Available data below:

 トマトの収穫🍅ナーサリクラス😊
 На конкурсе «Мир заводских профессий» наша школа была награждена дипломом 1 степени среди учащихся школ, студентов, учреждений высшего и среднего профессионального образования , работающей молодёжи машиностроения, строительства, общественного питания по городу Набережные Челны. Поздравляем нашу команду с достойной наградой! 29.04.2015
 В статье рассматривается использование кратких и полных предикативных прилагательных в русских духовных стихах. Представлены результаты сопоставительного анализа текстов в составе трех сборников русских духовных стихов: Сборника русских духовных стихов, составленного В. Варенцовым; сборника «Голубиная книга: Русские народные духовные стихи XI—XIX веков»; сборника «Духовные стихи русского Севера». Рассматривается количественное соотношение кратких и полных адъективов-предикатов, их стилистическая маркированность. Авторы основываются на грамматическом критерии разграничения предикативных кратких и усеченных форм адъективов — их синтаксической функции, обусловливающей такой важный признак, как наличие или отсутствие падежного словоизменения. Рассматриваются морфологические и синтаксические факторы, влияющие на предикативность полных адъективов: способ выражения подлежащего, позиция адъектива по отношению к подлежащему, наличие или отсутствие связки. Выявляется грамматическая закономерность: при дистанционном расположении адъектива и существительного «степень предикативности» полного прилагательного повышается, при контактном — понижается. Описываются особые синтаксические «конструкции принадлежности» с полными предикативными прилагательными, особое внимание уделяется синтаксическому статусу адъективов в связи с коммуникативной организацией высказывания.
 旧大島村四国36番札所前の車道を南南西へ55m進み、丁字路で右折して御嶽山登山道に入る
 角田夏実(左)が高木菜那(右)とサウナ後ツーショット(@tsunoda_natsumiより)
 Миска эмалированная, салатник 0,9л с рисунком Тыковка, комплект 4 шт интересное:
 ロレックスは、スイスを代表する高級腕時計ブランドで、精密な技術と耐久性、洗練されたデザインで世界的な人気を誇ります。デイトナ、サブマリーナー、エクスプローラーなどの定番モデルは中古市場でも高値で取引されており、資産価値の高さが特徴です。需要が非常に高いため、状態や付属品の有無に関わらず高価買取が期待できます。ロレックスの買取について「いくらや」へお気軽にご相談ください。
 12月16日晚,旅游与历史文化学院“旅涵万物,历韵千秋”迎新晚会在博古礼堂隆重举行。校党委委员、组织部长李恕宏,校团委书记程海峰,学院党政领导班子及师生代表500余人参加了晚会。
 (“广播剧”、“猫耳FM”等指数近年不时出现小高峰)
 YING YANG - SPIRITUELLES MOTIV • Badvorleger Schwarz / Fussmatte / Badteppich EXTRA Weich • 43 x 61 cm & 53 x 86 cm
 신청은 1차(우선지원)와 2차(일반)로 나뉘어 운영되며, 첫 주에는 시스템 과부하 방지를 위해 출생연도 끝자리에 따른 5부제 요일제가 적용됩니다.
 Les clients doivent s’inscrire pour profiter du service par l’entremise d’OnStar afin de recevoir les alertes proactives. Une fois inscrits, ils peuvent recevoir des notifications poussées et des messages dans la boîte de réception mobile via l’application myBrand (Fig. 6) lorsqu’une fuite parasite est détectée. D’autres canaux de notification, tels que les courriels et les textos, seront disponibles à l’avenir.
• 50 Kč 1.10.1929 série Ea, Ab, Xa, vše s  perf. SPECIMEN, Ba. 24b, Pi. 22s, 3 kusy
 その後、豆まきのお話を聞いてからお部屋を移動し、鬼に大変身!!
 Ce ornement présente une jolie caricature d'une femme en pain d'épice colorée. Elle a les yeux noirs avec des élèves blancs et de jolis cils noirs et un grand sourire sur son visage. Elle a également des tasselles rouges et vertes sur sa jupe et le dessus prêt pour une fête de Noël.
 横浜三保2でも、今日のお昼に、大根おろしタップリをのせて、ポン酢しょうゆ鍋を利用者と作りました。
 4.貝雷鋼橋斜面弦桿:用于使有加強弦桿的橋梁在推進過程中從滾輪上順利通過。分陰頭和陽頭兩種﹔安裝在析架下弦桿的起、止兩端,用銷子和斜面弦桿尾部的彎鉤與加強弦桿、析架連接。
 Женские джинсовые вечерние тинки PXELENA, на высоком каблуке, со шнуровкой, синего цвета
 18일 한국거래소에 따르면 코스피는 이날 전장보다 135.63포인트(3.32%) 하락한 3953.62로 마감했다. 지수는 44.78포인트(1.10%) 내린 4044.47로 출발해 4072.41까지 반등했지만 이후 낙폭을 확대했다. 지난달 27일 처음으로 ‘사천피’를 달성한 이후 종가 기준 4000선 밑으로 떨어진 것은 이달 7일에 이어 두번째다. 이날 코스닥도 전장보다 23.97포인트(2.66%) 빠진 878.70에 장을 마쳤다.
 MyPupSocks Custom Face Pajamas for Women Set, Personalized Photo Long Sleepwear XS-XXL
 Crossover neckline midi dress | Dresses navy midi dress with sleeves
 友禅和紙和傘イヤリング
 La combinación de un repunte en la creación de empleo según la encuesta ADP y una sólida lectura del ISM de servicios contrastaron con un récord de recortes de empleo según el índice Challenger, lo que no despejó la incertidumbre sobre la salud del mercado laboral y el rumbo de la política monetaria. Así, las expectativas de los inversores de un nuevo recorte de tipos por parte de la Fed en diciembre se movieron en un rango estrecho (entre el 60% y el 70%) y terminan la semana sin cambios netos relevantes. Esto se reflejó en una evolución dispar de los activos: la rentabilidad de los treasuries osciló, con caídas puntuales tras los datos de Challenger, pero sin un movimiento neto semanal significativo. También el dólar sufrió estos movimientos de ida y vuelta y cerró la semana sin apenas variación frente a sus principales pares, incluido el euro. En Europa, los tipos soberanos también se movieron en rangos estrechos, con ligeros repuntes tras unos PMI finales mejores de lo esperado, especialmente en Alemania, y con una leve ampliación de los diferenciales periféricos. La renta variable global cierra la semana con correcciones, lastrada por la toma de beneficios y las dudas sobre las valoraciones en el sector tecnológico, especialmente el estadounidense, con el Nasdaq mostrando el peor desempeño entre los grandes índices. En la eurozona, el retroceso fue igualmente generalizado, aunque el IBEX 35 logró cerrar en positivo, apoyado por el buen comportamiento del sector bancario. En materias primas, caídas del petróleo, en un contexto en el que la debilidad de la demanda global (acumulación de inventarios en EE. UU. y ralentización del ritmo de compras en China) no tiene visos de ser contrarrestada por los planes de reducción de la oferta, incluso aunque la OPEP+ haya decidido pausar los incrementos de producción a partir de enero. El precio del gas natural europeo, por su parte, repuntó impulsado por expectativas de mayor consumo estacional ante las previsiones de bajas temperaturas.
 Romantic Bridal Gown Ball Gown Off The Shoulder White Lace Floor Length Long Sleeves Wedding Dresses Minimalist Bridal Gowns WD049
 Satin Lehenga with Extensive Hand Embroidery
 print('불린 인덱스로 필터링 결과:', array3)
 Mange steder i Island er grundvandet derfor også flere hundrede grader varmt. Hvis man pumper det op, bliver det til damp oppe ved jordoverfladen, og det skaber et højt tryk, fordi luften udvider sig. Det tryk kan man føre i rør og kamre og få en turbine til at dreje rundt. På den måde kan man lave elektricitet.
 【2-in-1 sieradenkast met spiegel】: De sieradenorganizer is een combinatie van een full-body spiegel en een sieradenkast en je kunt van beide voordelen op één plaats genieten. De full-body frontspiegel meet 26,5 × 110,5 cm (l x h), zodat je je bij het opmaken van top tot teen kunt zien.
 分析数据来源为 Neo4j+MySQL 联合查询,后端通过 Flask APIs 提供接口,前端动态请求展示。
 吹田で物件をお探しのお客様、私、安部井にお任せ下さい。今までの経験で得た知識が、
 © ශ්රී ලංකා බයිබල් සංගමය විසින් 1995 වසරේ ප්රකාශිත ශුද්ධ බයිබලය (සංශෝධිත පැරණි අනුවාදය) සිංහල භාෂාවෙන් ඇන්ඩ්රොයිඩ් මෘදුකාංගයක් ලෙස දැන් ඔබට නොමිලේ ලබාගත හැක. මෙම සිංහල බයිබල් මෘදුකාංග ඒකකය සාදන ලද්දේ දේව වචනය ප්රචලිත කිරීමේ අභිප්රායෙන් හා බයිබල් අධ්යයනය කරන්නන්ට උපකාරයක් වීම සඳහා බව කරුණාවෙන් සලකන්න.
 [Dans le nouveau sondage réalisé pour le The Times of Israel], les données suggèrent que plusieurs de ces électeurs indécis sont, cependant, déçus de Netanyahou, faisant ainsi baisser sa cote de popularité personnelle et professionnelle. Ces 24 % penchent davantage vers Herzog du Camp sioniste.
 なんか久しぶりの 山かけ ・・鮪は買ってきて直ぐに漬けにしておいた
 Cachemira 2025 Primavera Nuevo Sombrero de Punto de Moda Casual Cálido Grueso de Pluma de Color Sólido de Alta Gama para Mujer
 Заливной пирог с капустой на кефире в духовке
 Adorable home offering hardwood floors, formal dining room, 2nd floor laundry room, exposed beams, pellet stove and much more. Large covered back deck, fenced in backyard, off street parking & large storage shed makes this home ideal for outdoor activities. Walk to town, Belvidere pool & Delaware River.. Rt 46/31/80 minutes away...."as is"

End of Available data.

Reproduce the entries above exactly, starting at their first line and finishing with the line that contains "достойной наградой! 29.04.2015".

* [Answer for this exercise]
 トマトの収穫🍅ナーサリクラス😊
 На конкурсе «Мир заводских профессий» наша школа была награждена дипломом 1 степени среди учащихся школ, студентов, учреждений высшего и среднего профессионального образования , работающей молодёжи машиностроения, строительства, общественного питания по городу Набережные Челны. Поздравляем нашу команду с достойной наградой! 29.04.2015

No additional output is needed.